Go through the data below and transcribe it exactly. Omit the images.

Saved data entries
# # # #

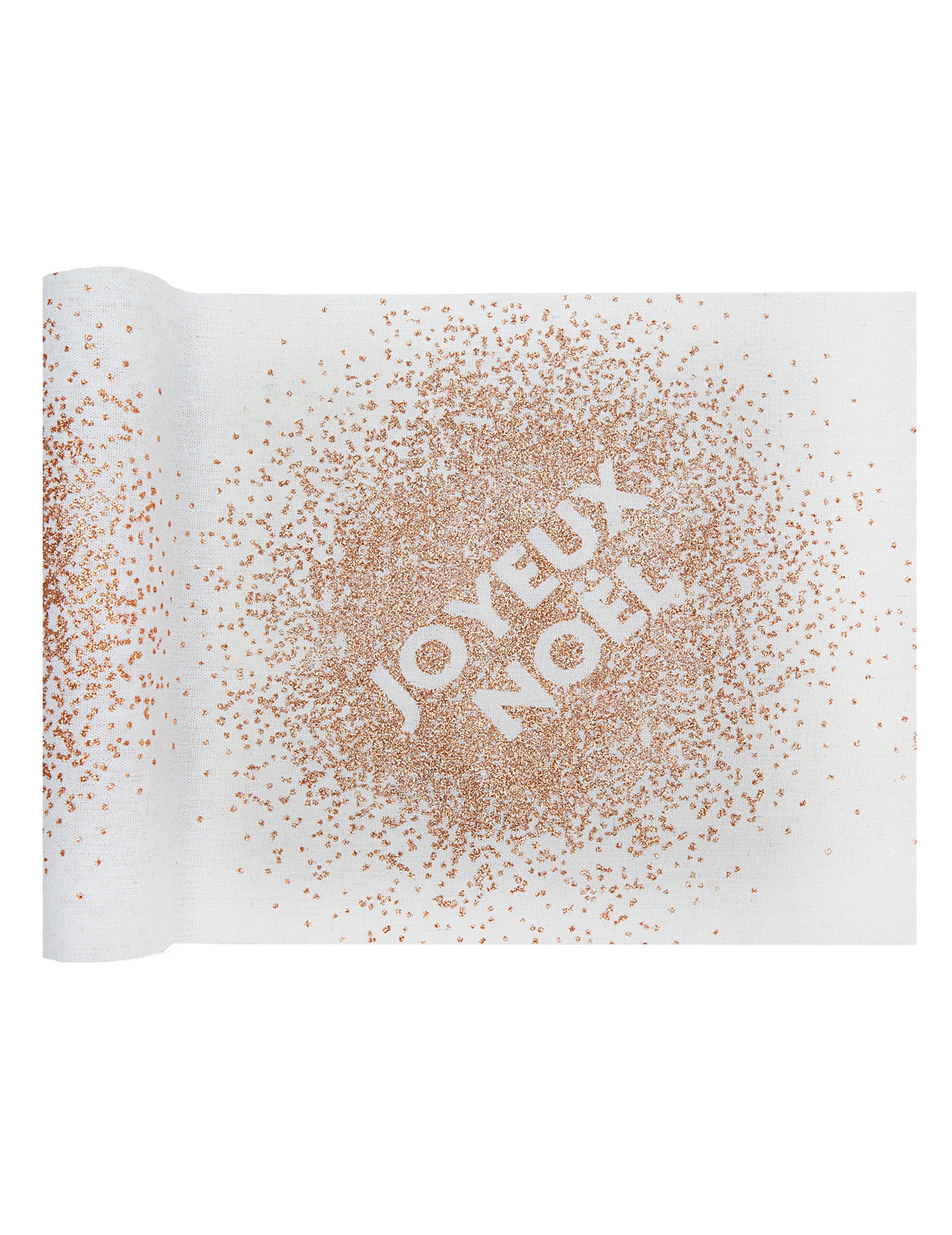 Veselé Vánoce bílý bavlněný běhoun na stůl s flitry z růžového zlata 3 m x 28 cm
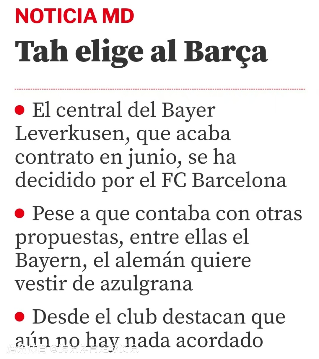 早在12月11日,巴萨前往多特蒙德时,俱乐部就与塔的经纪人进行了初步接触,探讨了加盟的可能性。出于对勒沃库森的尊重以及国际足联的相关规定(1月1日之前不能进行正式的自由谈判),塔选择等待巴萨的正式报价后再做决定。
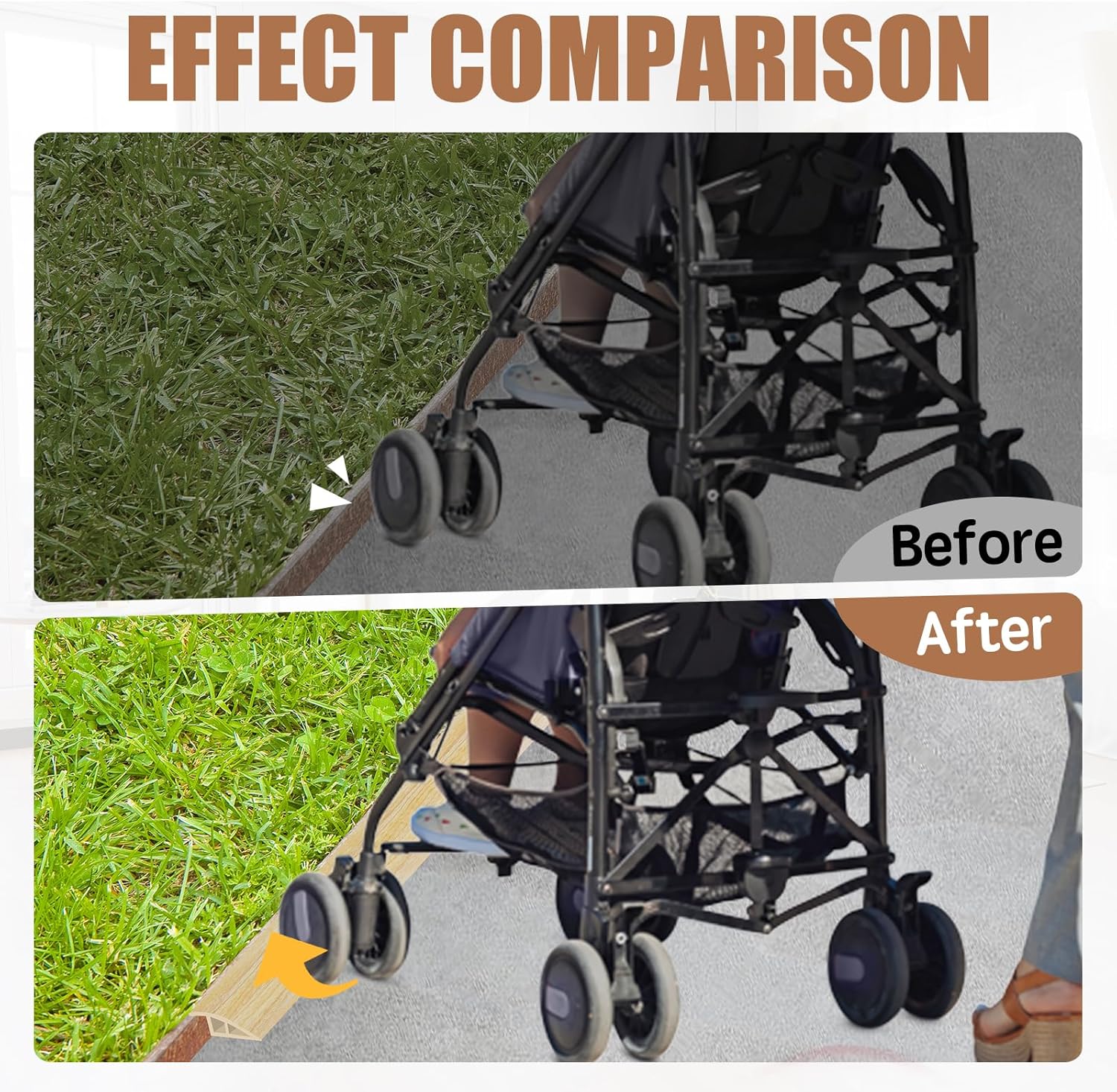 - 【Installation Method】Before installation, please ensure that the installation position is kept clean, dry and flat, as installation on uneven and dusty surfaces will affect the stickiness and use effect of the product. When installing floor transition is too long, just cut it with scissors. After the paste is completed, You can put a weight on it and let it sit for 1 hour to make the product more firmly installed
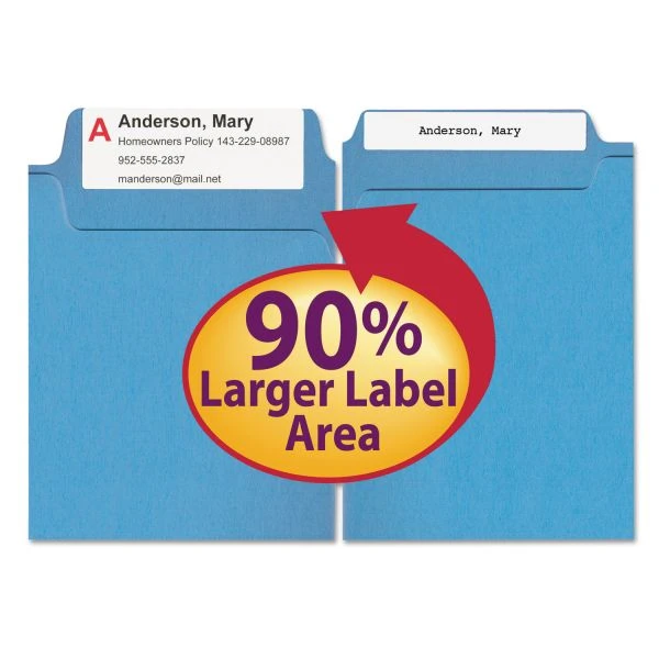 - Designed with tabs that have 90% more labeling area for improved labeling.
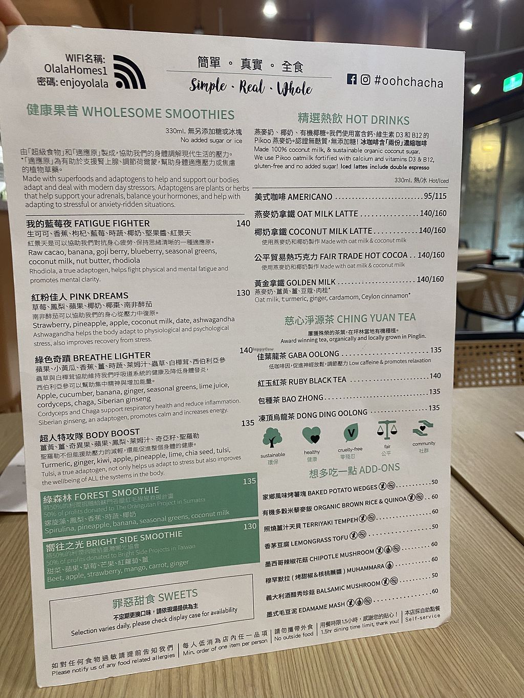 Healthy & delicious food served just like their main/first branch Ooh Cha Cha! Minimum order one item per person. Another great vegan eatery to go in Taipei!

# # # #

**Response to the task**
 Veselé Vánoce bílý bavlněný běhoun na stůl s flitry z růžového zlata 3 m x 28 cm
 早在12月11日,巴萨前往多特蒙德时,俱乐部就与塔的经纪人进行了初步接触,探讨了加盟的可能性。出于对勒沃库森的尊重以及国际足联的相关规定(1月1日之前不能进行正式的自由谈判),塔选择等待巴萨的正式报价后再做决定。
 - 【Installation Method】Before installation, please ensure that the installation position is kept clean, dry and flat, as installation on uneven and dusty surfaces will affect the stickiness and use effect of the product. When installing floor transition is too long, just cut it with scissors. After the paste is completed, You can put a weight on it and let it sit for 1 hour to make the product more firmly installed
 - Designed with tabs that have 90% more labeling area for improved labeling.
 Healthy & delicious food served just like their main/first branch Ooh Cha Cha! Minimum order one item per person. Another great vegan eatery to go in Taipei!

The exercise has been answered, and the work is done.